Behind the splendor of the Windy City is political stigma. Chicago-style politics is a synonym for corruption. Barack Obama, the first African-American president, started his political career in Chicago, and he was not free from the moniker. In his two presidential election campaigns, Republican rivals John McCain and Mitt Romney recalled the cities shameful history.

The collusion between politics and violence originated from gambling sites in the late 19th century, and it earned notoriety during the 21-year administration of Mayor Richard Daley from the mid-1950s. Political positions were bought and sold, and those close to the mayor were arrested. The governor of Illinois was impeached as he attempted to sell the senate seat vacated by Obama’s election victory. It is a shameful part of history that Chicago wants to part with as it pursues transparency.

Another Chicago-style framing has become controversial. Last month, Mayor Lori Lightfoot, the first openly LGBTQ and first African-American woman to hold the position, declared in an interview marking her second anniversary that she would only have one-on-one interviews with journalists of color. More than half of Chicago’s residents are people of color, but the reporters are predominantly Caucasian and lack diversity.
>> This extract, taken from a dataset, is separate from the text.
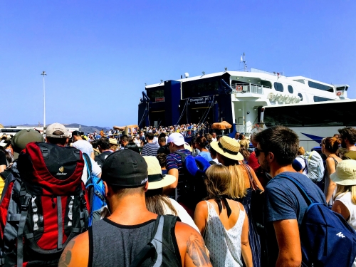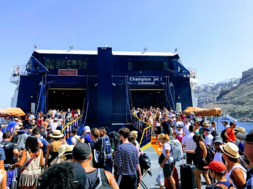 船がくると、さらにたくさんの人が集まります。特にサントリーニ島は人気の島なので、降りてくる人の数も非常に多いです。比較的治安のいいサントリーニ島でも、ここは外国。スリなどには十分お気を付けください。

The local community was stirred. Her comment was criticized as anti-White racism and reverse discrimination. A constitutional lawsuit has been filed for infringement of freedom of media. There were many posts urging mass resistance. There are reporters of color who refuse to interview her, while others accepted it.

Others say her decision constitutes meaningful progress to improve racial equality. They argue that those who have been enjoying superior status until now are outraged at becoming a target of discrimination, while racism in any form should be rejected. Confrontation is intensifying between the Chicago-style racism of excluding the White and the Chicago-style racial discrimination of suppressing people of color.

Economic inequality is serious in Chicago as Caucasian residents are richer than the U.S. average while 65 percent of the families of color are poor with few assets. The night view of Chicago is far more complicated than it seems.